Масленица, кстати сказать, ознаменовалась у нас очередной голодовкой. На сей раз виною всему был не буран, а традиционный этот праздник. Перепившаяся администрация попросту забыла о нас. И опять бесновалась и выла у вахты толпа, и снова били по зоне пулеметы. И долго потом лежали в предзоннике трупы заключенных, сваленные там грудою, как дрова. Убитых было пятеро, раненых же — вдвое больше. И вот, несмотря на то, что лагерь наш, судя по всему, был лагерем смертников (недаром его и соорудили в такой глуши, в стороне от жилья!), несмотря на это, пострадавшим все же оказали необходимую помощь. (На сей счет, очевидно, существовали какие-то специальные инструкции.) Откуда-то прибыли вдруг лекари, санитары, и в зоне — в течение недели — действовал открытый медпункт.
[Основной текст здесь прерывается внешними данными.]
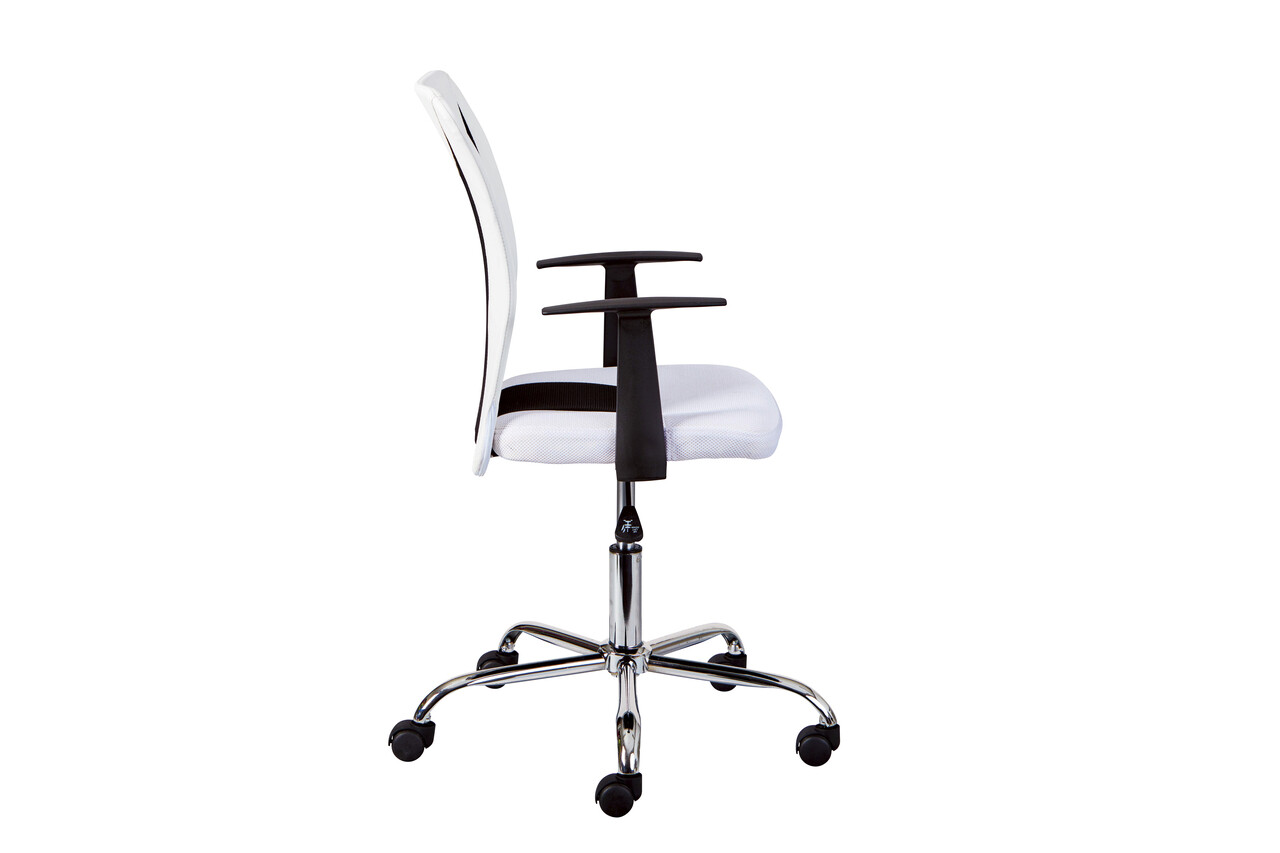 Acest scaun rotativ pentru copii ofera suport pentru temele zilnice si sesiunile de studiu. Designul modern este disponibil in mai multe culori la moda. Husa din plasa respirabila reduce transpiratia in timpul perioadelor lungi de sedere. Spatarul se ajusteaza la postura utilizatorului. Relaxat si sanatos: Spatarul cu forma ergonomica sustine partea inferioara a spatelui si promoveaza o postura corecta, ajutand la prevenirea durerilor de spate. Scaunul dispune, de asemenea, de cotiere pentru a ameliora tensiunea din jurul umerilor. Este echipat cu o baza metalica cromata de inalta calitate, cu cinci roti de siguranta cu frana, dependente de sarcina, si un arc pe gaz de siguranta certificat, care sustine o greutate maxima de 100 kg. Arcul pe gaz permite reglarea continua a inaltimii, asigurand un confort optim pentru perioade lungi de sedere.
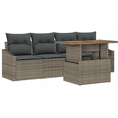 vidaXL Garden Sofa Set with Storage 5 pcs Grey Poly rattan
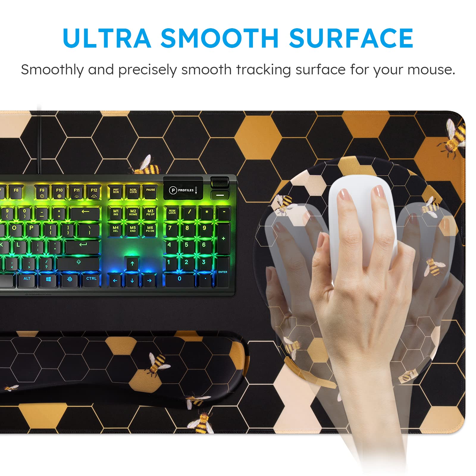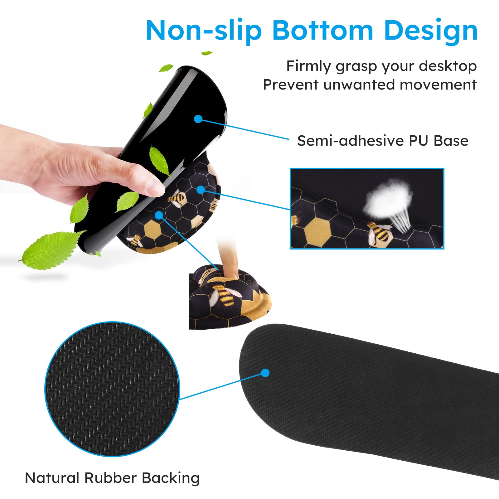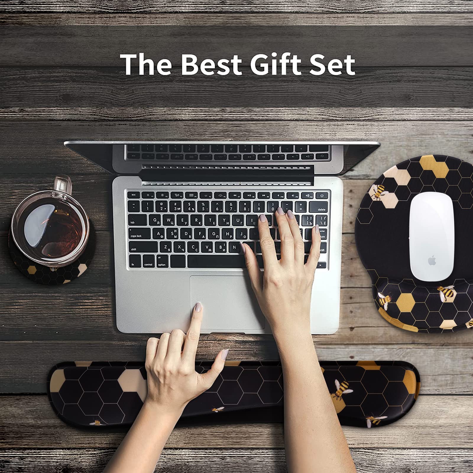 Ergonomic Design: Ergonomic mouse pad with wrist rest fits the wrist, the keyboard wrist rest and mouse wrist rest can provide a good touch and effective support for your wrist, keep your wrist and hand relaxed

Среди прибывших к нам врачей оказался один дантист. К нему-то я и обратился, мучимый зубами. Последнее время они сильно донимали меня, не давали житья. Я несколько раз скандалил, добиваясь врача, подавал заявления, однако все было безрезультатно. Теперь я наконец решил воспользоваться случаем! Дантист — маленький, сухощавый, в железных очках — аккуратно записал мое имя, фамилию. Усадил на лавку. И затем привычным движением раздвинул мне пальцами губы.
— У вас, мой друг, — сказал он, — не столько зубы болят, сколько десны… Ярко выраженный скорбут.
— Это что ж такое?
— Ну, говоря попросту, цинга.
— Ай-ай, — встревожился я. — Этого только не хватало! И чем же скорбут лечат?
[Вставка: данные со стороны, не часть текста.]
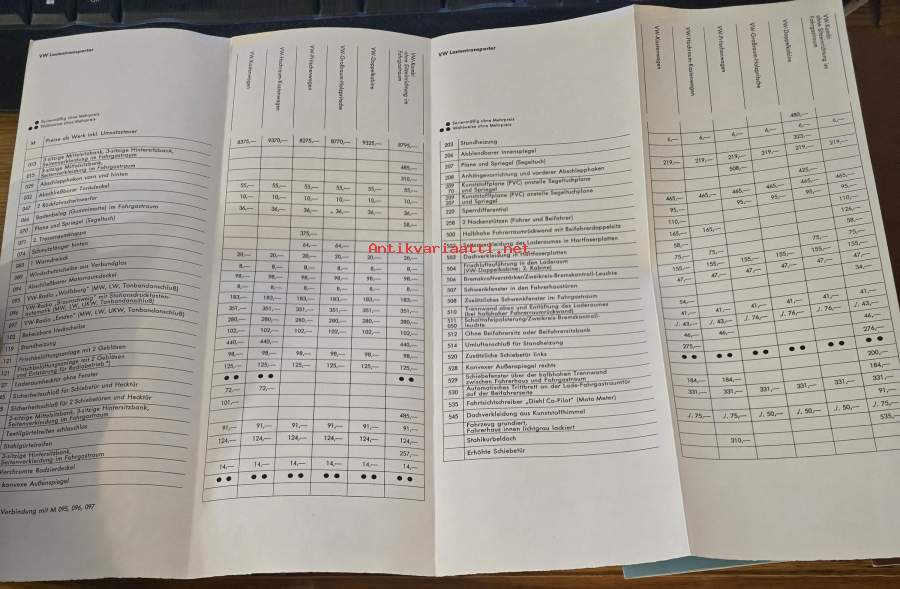 volkswagen 1970 preisliste 6 kappaletta. Saksa
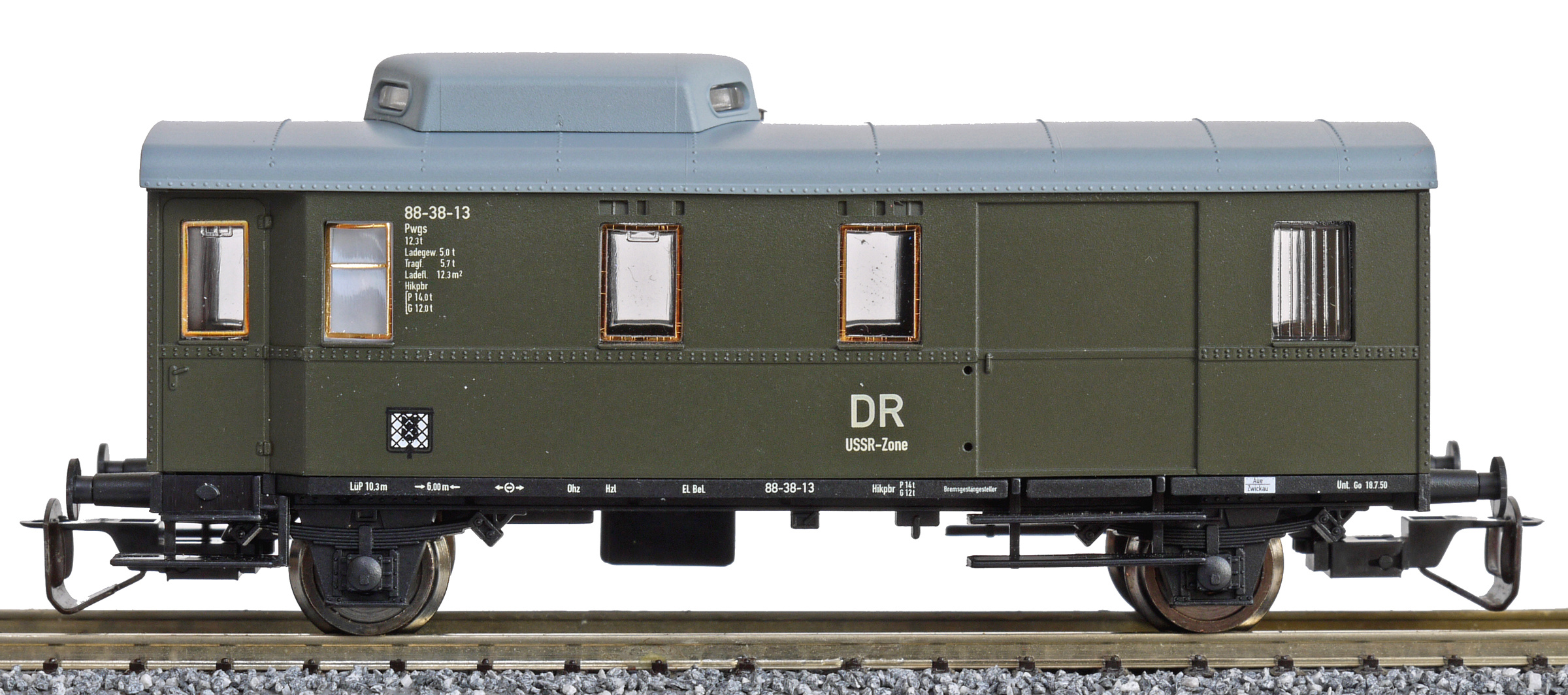 Popis   krytý nákladní vůz červenohnědý s tmavě šedou střechou „USSR-Zone“

— Витаминами, — усмехнулся он, — свежими фруктами, овощами…
— Вы что, — нахмурился я, — смеетесь?
— Конечно! — он дернул плечами. — А что еще остается? Но если уж говорить серьезно, то я посоветовал бы вам хвойный отвар. Приготовлять его несложно. Я распоряжусь. Напиток это малоприятный, но принимать его надо обязательно. Учтите — обязательно! У вас уже начинают шататься некоторые зубы.
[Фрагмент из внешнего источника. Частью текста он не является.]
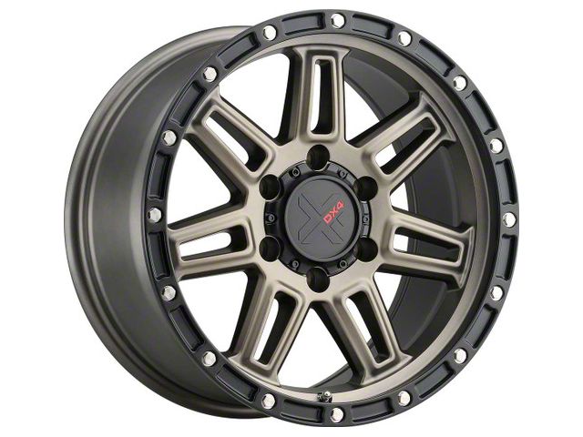 DX4 Wheels REBEL Matte Bronze with Black Ring Wheel; 18x9 showcases an exquisite blend of elegance and charisma, perfect for any vehicle aiming for that standout appearance. With its unique design, it not only amplifies the aesthetic appeal of your ride but also complements various vehicle styles. This wheel, stemming from the legacy of DX4 Wheels, embodies a premium look that's hard to resist.
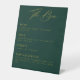 Modern minimalist bar list, wedding sign. Trendy typography design style template gold text on emerald green colour background.

— Вот они-то, вероятно, и ноют, — заметил я. — Сколько их?
— Да немало, — он еще раз заглянул в рот — покопался там. — Вот… И здесь тоже… Итого, ровным счетом, шесть!
— Круглая цифра, — пробормотал я, отплевываясь и кряхтя.
Все это время в помещении толкались санитары. Теперь они вышли, и мы с врачом остались вдвоем. И тогда, вплотную приблизив ко мне лицо, он проговорил с особой внятностью:
— Есть еще и другая круглая цифра — восьмерка!
— Восьмерка? — повторил я, невольно привстав.
— Сидите, сидите, — шепнул он строго. — Вам привет от Левицкого.
— Ну, что он? Как? — заторопился я. — Как вообще дела?
— Как обычно, — ответил врач уклончиво. — Многого я вам не могу сообщить, не уполномочен. Но есть одна новость, которую он меня специально просил передать вам. Специально! Ваши бумаги уже отправлены. Ушли по назначению — в Красноярск!
— Какие бумаги? — не понял я. — Погодите… — Но тут же я сообразил, в чем дело; очевидно, речь шла о моих стихах. — Эта новость от Кости?
— Да, да. Именно от него.
— И больше он ничего не хотел мне передать?
— Пока нет. Ну а в дальнейшем будет видно… Ждите!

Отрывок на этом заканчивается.